Endocrinology and Reproduction Research Branch, National Institute of Child Health and Human Development, National Institutes of Health, Bethesda, Maryland 20892-4510

Address all correspondence and requests for reprints to: Lazar Z. Krsmanovic, Ph.D., Endocrinology and Reproduction Research Branch, Building 49, Room 6A-36, National Institute of Child Health and Human Development, National Institutes of Health, Bethesda, Maryland 20892. E-mail: lazar{at}mail.nih.gov.
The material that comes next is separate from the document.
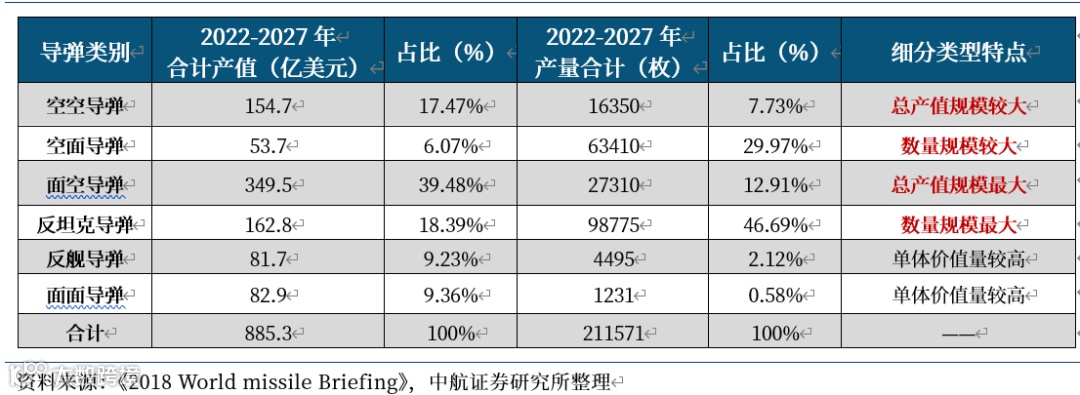 针对于数量规模或总产值规模的各类型导弹特点,我们有如下观点:

Serotonin (5-HT), the endogenous nonselective 5-HT receptor agonist, activates the inositol 1,4,5-triphosphate/calcium (InsP₃/Ca²⁺) signaling pathway and exerts both stimulatory and inhibitory actions on cAMP production and GnRH release in immortalized GnRH neurons. The high degree of similarity between the signaling and secretory responses elicited by GnRH and 5-HT prompted us to target specific 5-HT receptor subtypes to deconvolute the complex actions of these agonists on signal transduction and GnRH release. Specific mRNA transcripts for 5-HT1A, 5-HT2C, 5-HT4, and 5-HT7 were identified in immortalized GnRH neurons (GT1–7). The rate of firing of spontaneous action potentials (APs) by hypothalamic GnRH neurons and cAMP production and pulsatile GnRH release in GT17 cells were profoundly inhibited during activation of the G_i-coupled 5-HT1A receptor. Treatment with a selective agonist to activate the G_q-coupled 5-HT2C receptor increased the rate of firing of spontaneous APs, stimulated InsP₃ production and caused a delayed increase in GnRH release. Selective activation of the G_s-coupled 5-HT4 receptor also increased the rate of firing of APs, stimulated cAMP production, and caused a sustained and robust increase in GnRH release. The ability of 5-HT receptor subtypes expressed in GnRH neurons to activate single or multiple G proteins in a time- and dose-dependent manner differentially regulates the phospholipase C/InsP₃/Ca²⁺, and adenylyl cyclase/cAMP signaling pathways, and thereby regulates the frequency and amplitude of pulsatile GnRH release. This process, in conjunction with the modulation of spontaneous electrical activity of the GnRH neuron, contributes to the control of the pulsatile mode of neuropeptide secretion that is characteristic of GnRH neuronal function in vivo and in vitro.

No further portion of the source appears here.